Jean-Paul Clozel – CEO, Idorsia

In an exclusive interview, Jean-Paul Clozel explains Idorsia’s unique value proposition as a biotech focused on small molecules, how agnosticism in terms of therapeutic areas leads to more innovative medical breakthroughs, and why scientific innovation continues to motivate him.

 

When you have started two companies, people think that you like risk. In fact, I hate risk and have tried to avoid it my entire life

Last week, you returned to the JP Morgan conference for the first time as CEO of Idorsia. What was the message you wanted to convey about the company and how was it received?

Our main goal was to explain the vision for the company. Analysts and investors will focus on our product pipeline etc, but we wanted to highlight how we are aiming – and are on a good track – to become a mid-sized pharma company.

What is unique is our vision to build a sustainable company; we do not want to be acquired or necessarily make fast returns. We are not a puppet in the hands of a few investors, but rather a company with strong and stable stakeholders such as J&J, myself, and my wife. We are in a very fortunate position to be able to plan for the future and explain what is needed to become such an independent, innovation-driven and yet financially sustainable company.

 

Idorsia is somewhat unusual as a biotech with a focus on small molecules. This sounds almost counter intuitive in a world driven mostly by large molecules. What is the rationale behind this focus?

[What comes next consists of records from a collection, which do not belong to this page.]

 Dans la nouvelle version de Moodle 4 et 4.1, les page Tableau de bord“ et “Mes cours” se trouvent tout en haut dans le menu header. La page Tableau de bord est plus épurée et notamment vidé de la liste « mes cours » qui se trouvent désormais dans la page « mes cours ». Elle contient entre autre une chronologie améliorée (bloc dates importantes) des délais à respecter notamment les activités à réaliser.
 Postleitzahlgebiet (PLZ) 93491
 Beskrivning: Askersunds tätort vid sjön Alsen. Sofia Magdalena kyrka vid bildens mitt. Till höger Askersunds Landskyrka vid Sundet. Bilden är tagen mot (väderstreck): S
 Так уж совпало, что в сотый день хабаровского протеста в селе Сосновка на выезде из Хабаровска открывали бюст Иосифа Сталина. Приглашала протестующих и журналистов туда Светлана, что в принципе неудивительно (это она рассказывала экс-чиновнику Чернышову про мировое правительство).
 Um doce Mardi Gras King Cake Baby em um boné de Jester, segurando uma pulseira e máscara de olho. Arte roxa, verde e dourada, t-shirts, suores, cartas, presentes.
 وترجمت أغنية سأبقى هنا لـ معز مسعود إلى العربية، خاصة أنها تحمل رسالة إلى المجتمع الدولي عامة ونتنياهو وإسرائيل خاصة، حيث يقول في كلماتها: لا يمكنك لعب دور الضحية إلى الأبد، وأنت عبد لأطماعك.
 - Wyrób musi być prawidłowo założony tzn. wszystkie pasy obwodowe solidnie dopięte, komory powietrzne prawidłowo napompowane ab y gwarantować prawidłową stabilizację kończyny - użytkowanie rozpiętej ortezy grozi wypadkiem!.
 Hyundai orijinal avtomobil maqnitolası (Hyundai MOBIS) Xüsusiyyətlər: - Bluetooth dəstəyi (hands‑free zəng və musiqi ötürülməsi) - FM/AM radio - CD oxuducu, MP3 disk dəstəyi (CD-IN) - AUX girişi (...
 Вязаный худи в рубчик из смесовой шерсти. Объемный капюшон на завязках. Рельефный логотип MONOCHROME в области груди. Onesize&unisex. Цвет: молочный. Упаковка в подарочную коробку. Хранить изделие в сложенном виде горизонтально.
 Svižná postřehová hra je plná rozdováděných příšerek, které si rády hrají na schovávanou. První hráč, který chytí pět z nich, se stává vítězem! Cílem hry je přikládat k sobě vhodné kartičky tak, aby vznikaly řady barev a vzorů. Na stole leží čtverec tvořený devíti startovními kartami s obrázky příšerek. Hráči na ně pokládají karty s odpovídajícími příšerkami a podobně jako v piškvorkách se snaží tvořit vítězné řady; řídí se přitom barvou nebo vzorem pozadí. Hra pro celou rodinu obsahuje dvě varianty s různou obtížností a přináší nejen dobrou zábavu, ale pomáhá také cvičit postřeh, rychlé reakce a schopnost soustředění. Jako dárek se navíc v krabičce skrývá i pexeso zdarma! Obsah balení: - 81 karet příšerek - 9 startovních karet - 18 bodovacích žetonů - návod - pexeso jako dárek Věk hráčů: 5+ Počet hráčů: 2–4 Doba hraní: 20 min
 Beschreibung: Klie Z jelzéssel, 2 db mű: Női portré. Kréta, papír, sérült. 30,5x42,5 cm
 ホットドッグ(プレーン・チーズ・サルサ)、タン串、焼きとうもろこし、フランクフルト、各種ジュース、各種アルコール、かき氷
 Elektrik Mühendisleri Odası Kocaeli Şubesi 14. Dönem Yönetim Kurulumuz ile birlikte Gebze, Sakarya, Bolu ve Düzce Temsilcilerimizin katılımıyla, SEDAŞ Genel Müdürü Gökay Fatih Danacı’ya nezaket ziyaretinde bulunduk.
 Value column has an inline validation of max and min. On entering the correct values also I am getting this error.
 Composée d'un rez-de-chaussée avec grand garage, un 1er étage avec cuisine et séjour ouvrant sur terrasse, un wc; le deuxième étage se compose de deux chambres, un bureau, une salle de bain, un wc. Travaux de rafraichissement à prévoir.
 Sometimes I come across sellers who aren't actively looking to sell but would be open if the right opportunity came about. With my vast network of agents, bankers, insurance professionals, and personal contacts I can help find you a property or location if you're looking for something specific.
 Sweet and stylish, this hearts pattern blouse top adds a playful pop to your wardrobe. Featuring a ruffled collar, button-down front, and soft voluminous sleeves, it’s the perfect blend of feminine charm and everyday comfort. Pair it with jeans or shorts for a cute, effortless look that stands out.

When you have started two companies, people think that you like risk. In fact, I hate risk and have tried to avoid it my entire life. One big risk is technological. New technologies – although antibodies are no longer very new – are inherently risky. From seeing cell and gene therapy as something of a home run, people are now waking up to the fact that it is not so easy.

Therefore, I like using very established technology: small molecules. Here in Switzerland, we are in close proximity to very relevant universities that compete with the best in the world training talented chemists, which we employ and leverage for our scientific and clinical work.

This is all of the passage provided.